Let's continue on just a bit.

She went to the baker's
To buy him some bread;
When she came back
The dog was dead.

Many scholars believe the woman was of Russian heritage.  She was forced to wait so long in lines for the basics, such as bread and cheese, that her dog starved to death while she was gone.

As the story unfolds, the truth comes out.  We find out the dog did not actually die.  He laughed at her when she came home from the undertaker's, so he obviously had a good sense of humor.  He smokes a pipe, sends her out for beer, white and red wine, fruit, a new jacket, a hat - followed shortly by a wig - so we really don't know why he wanted the hat - shoes, linen, and a hose.

Since the translation is a little questionable, for all we know he may have sent her out not for hose, but for hos (not of the garden variety) - aka bitches, as in female dogs.  She was his personal pimp!

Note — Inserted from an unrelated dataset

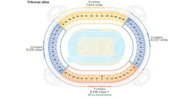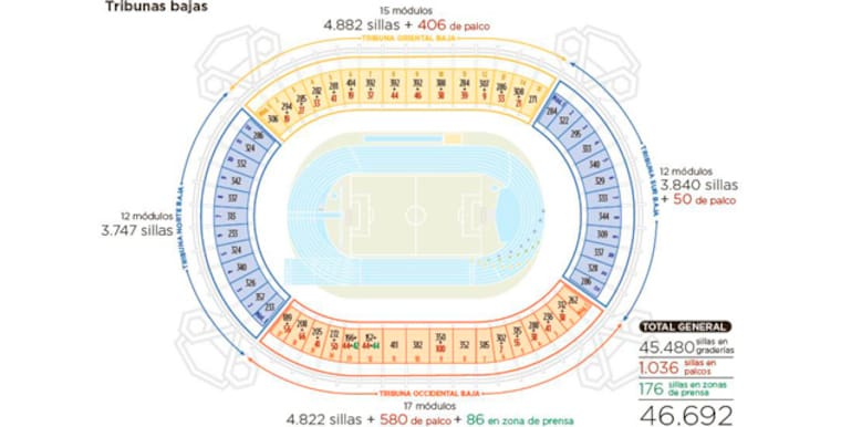 El resultado en occidental alta: 8.518 sillas repartidas en 17 módulos, unos más amplios que otros y con el del centro reducido por el espacio estipulado para los medios de comunicación.

We soon realize the dog had some amazing talents.  Listed among those we are told of are the ability to: sit in a chair; stand on his head; play the flute; ride a goat; feed the cat; dance a jig; read; spin - which I assume means to make clothing and not ride a stationary bike as a workout; and cross dress.
We'll never know the full extent of his abilities.
The story closes as such:

This wonderful dog
Was Dame Hubbard's delight,
He could read, he could dance,
He could sing, he could write;
She gave him rich dainties
Whenever he fed,
And erected a monument
When he was dead.

Now you can see why nobody trusts a politician.  They use part of a story to scare people into going along with them to get what they want.  She fed him whatever he wanted, was at his beck and call to get him anything he desired, and had enough money to memorialize him when he died!!

I fail to see how a woman with such obvious means deserved any assistance from our government or from our taxes.  That, my friends, is a classic example of how people take advantage of the system.

Sad.

2 comments:

championm2000 said...

You should run for office. You make more sense here than most politicians...

Helene said...

Where do you come up with this stuff? !! Very creative!!

I want a dog who can read and write. Then he could help my kids with their homework while I sit on the sofa watching Jerry Springer and eating bon bons.